[Source material Boundary: Start]

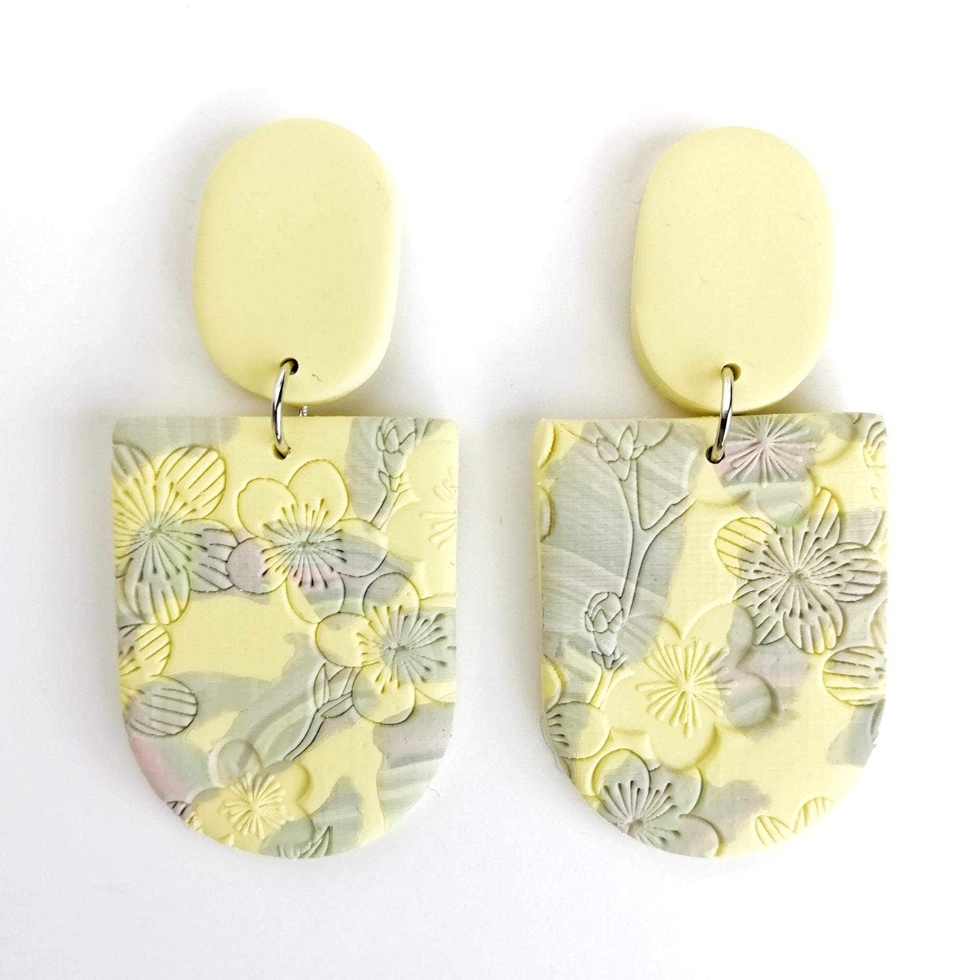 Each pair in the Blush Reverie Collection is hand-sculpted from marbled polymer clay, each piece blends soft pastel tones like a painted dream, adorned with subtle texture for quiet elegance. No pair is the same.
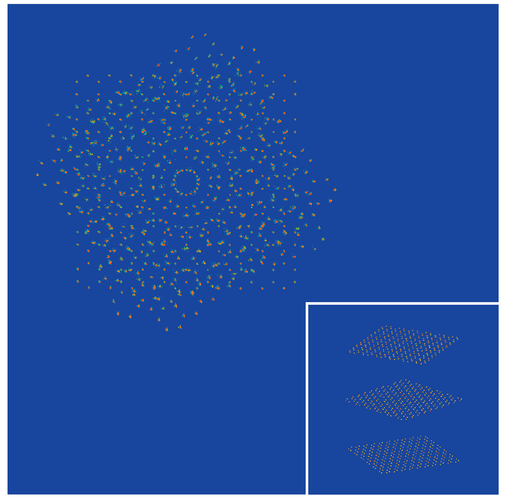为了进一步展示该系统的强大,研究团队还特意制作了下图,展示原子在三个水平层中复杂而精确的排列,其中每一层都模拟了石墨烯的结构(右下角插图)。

[Source material Boundary: End]
[Source material Boundary: Start]

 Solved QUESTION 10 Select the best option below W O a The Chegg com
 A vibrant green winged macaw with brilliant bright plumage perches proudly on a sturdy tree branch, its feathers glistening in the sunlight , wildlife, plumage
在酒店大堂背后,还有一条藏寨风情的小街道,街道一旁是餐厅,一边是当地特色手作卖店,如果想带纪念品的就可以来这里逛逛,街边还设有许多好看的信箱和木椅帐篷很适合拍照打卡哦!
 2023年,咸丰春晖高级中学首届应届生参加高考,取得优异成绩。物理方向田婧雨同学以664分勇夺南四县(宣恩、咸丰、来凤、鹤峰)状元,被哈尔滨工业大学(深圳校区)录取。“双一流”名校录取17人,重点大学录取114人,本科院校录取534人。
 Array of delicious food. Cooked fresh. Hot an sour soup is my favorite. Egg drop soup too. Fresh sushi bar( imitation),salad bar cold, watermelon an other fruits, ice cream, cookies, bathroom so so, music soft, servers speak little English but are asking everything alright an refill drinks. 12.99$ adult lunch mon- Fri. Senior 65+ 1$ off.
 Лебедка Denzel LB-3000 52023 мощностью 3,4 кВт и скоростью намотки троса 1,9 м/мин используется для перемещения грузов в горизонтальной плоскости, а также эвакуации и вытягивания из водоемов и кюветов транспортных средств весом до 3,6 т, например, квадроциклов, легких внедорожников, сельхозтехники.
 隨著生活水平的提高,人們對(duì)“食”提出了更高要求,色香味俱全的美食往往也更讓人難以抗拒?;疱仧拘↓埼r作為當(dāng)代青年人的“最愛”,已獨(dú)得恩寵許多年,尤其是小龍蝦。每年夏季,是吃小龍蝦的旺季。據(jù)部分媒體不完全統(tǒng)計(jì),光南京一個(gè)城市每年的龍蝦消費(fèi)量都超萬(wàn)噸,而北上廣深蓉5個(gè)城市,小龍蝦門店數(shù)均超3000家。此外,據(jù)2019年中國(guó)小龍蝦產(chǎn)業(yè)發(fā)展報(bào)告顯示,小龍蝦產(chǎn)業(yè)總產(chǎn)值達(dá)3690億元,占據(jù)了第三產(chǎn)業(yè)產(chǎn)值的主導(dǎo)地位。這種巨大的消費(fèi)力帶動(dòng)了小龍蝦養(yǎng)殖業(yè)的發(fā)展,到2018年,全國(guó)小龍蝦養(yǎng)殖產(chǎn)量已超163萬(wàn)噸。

[Source material Boundary: End]

About this exercise: Above are the records. Copy the lines beginning at the one that has "A vibrant green" and ending with the one that has "2023年,咸丰春晖高级中学", unchanged.

Result:
 A vibrant green winged macaw with brilliant bright plumage perches proudly on a sturdy tree branch, its feathers glistening in the sunlight , wildlife, plumage
在酒店大堂背后,还有一条藏寨风情的小街道,街道一旁是餐厅,一边是当地特色手作卖店,如果想带纪念品的就可以来这里逛逛,街边还设有许多好看的信箱和木椅帐篷很适合拍照打卡哦!
 2023年,咸丰春晖高级中学首届应届生参加高考,取得优异成绩。物理方向田婧雨同学以664分勇夺南四县(宣恩、咸丰、来凤、鹤峰)状元,被哈尔滨工业大学(深圳校区)录取。“双一流”名校录取17人,重点大学录取114人,本科院校录取534人。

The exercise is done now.